Airborne radio occultation geometry. GPS signals are recorded as a GPS satellite sets, with raypaths successively sampling deeper into the atmosphere or successively shallower as a GPS satellite rises. The tangent points are the points of closest approach of each raypath to the Earth's surface. The consecutive points are indicated by red dots, which drift horizontally away from the aircraft as altitude decreases for a setting satellite. The atmosphere is most dense at the tangent point, so the measured refractive delays are most strongly influenced by the atmospheric properties at this location. Retrievals of atmospheric refractivity are represented as values along these slanted tangent point profiles.
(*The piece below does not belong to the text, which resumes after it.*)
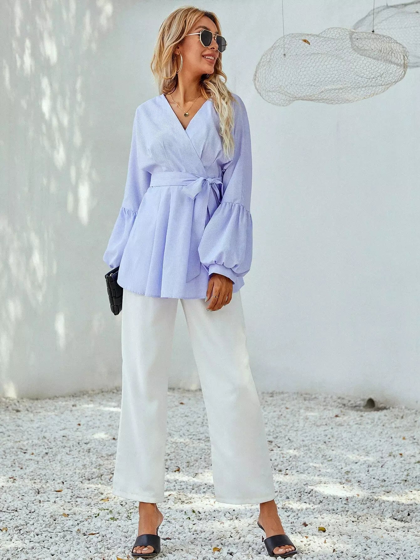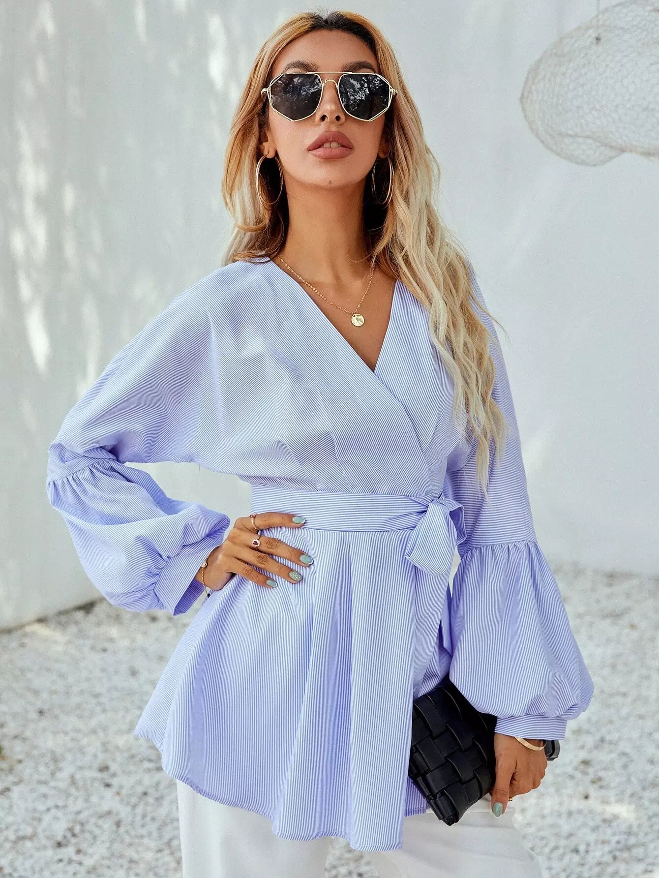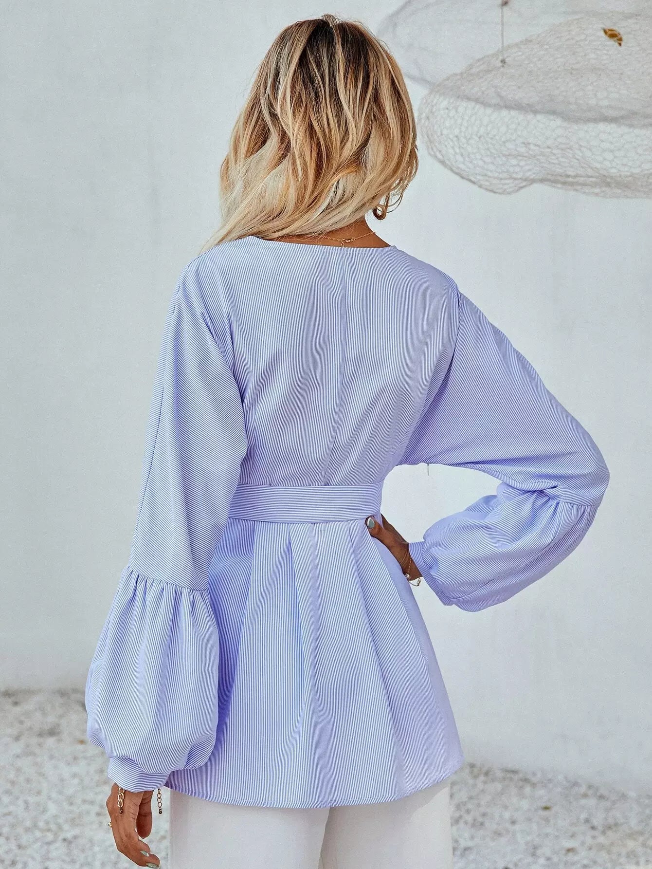 بلوزة مخططة بأكمام أسقف بدون حزام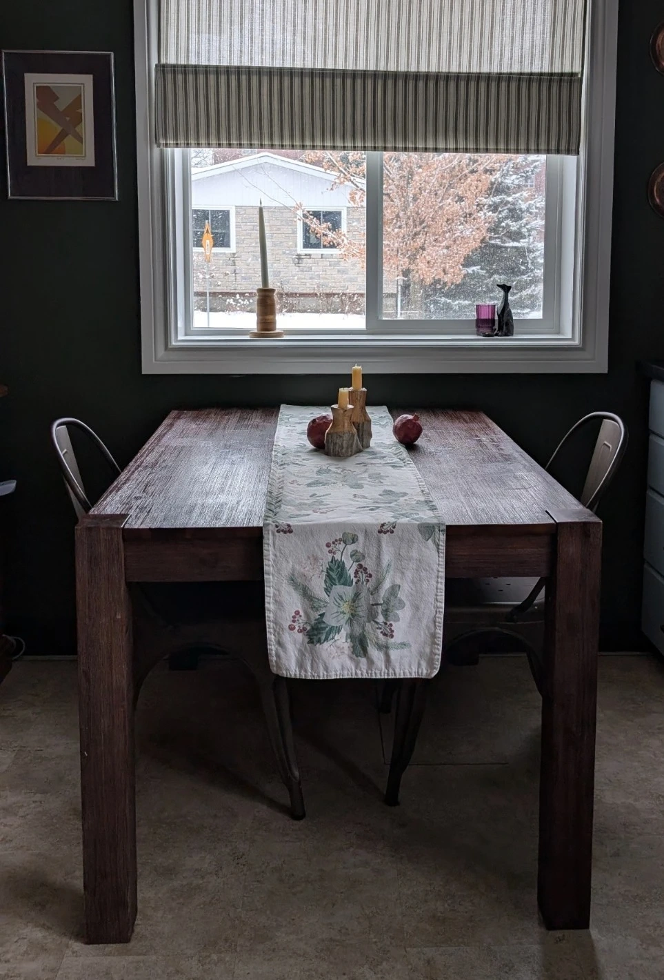 Selling a solid wood dining table. Bought it from structube about 5 years ago. In good condition with a few scuffs, but otherwise well maintained. Great for smaller spaces!

GPS/MET was the first mission to demonstrate that profiles could be retrieved for the Earth's atmosphere using this technique [Kursinski et al., 1996]. Since then, several missions have been launched, most notably the Constellation Observing System for Meteorology Ionosphere and Climate (COSMIC)/Formosa Satellite-3 (FORMOSAT-3) constellation [Anthes et al., 2008], which provides radio occultation (RO) observations on a routine basis. Operationally, spaceborne RO data have improved global numerical weather model forecasts [Healy and Thepaut, 2006; Poli et al., 2008]. However, RO data have only brought limited improvement on regional short-term weather simulations and forecasts of high-impact weather in tropical storms [Kueh et al., 2009]. One reason for this is that for targeted areas, spaceborne RO sampling in time and space is still relatively sparse. For example, in a case study of the 2006 Typhoon Kaemi [Chen et al., 2009], only seven RO profiles were available within the 6000 km × 6000 km model domain and within ± 3 h of the initialization time. The closest profile was more than 600 km from the typhoon center, and the overall impact on the forecast track and rainfall was inconclusive. Other studies have investigated the impact of spaceborne RO in forecasting tropical cyclones [Huang et al., 2005; Kueh et al., 2009] and have shown that localized regions where the moisture increment is high relative to the first guess model have produced significant changes in low-level and midlevel circulations. In a study showing positive results for the 2006 Hurricane Ernesto, assimilation of GPS RO profiles during the 2 days before hurricane genesis resulted in an improvement of the hurricane intensification forecast [Liu et al., 2012]. As in several other cases, the improvement was shown to be a result of assimilating only a few key RO profiles, by chance located nearby and upstream of the storm [Huang et al., 2010; Liu et al., 2012].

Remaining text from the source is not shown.